A reader in California e-mailed the following comment about Pittsburgh in response to my initial posts: “It seems the stories in such a place are right on the surface, not distracted by the charminess of a place like the Bay Area.” That’s a pretty astute observation, and I especially liked her coinage of “charminess” to imply a negative connotation – charm as a veneer that can be misleading.
The topography of Pittsburgh is that of steep hills and river valleys, and it is this landscape which attracted the industrialists and the workers who settled here. While Pittsburgh has evolved into a high tech white-collar city over the past several decades, there is a blue-collar down-to-earth sensibility that remains deeply ingrained in the people who live here. That tenacity is symbolized by the homes that cling to the hillsides above the three rivers.

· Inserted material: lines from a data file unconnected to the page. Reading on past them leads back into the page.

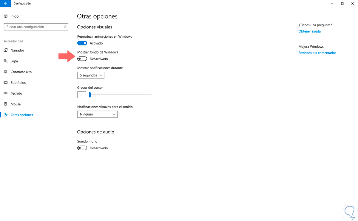 En la ventana que se desplegara debemos pulsar sobre el interruptor Mostrar fondo de Windows para que su estado pase a desactivado: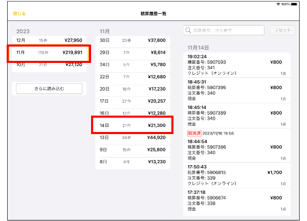 月・日ごとの集計されています。特定の注文履歴を確認したい場合は、月>日から精算時間や確認するか、注文番号(精算番号)で検索します。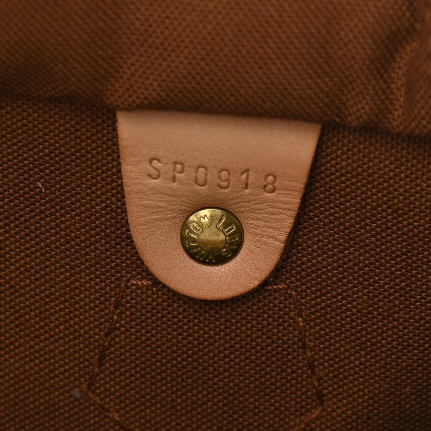 This is an authentic LOUIS VUITTON Monogram Speedy 30. This classic handbag is finely crafted of traditional Louis Vuitton monogram coated canvas. The bag features vachetta cowhide leather trim and rolled top handles with brass hardware. The top zipper opens the bag to a cocoa brown fabric interior with a pocket.Follow this item for alerts. Louis Vuitton is a registered trademark of Louis Vuitton. FASHIONPHILE is not affiliated with Louis Vuitton.

Pittsburgh’s hillside houses are not the “Painted Lady” Victorian row houses that cover the hills of San Francisco, or the cute and colorful “Little Boxes” on the slopes of that city’s southern peninsula. Our hillsides are more rugged and untamed, with hillside houses rising vertical and defiant, jutting up amid lush greenery, precipitous on the steep slopes and atop the crests. I didn’t always see their beauty, which may be an acquired appreciation. It’s an unexpected beauty, suddenly noticed when the morning light slants a certain way to sharply define the rooflines and angles, or when last rays of a sunset cast a golden glow reflected by the windows.
From the East End to the West End, the South Side Slopes to the North Side, Pittsburgh’s neighborhoods are defined and divided by hills and rivers. We don’t have a touristy and famous Lombard Street curving past stately homes, but we do have Rialto Street which steeply plummets with no curves straight down the side of Troy Hill and is as thrilling a ride as in any amusement park. There are grand and stately homes here, too, as well as genteel neighborhoods and gated communities, and there are even sections of Grandview Avenue on Mount Washington which remind me very much of San Francisco.
It seems I’m fated to always compare these two cities, loving each of them in different ways. But I’ve long ago claimed Pittsburgh as home. It’s a city with a rich literary history, an active writing and artistic community, and a visually interesting landscape. One of my favorite writers here, Chuck Kinder, wryly describes Pittsburgh as the “Paris of the Appalachians.” Now that sounds like just my kind of town.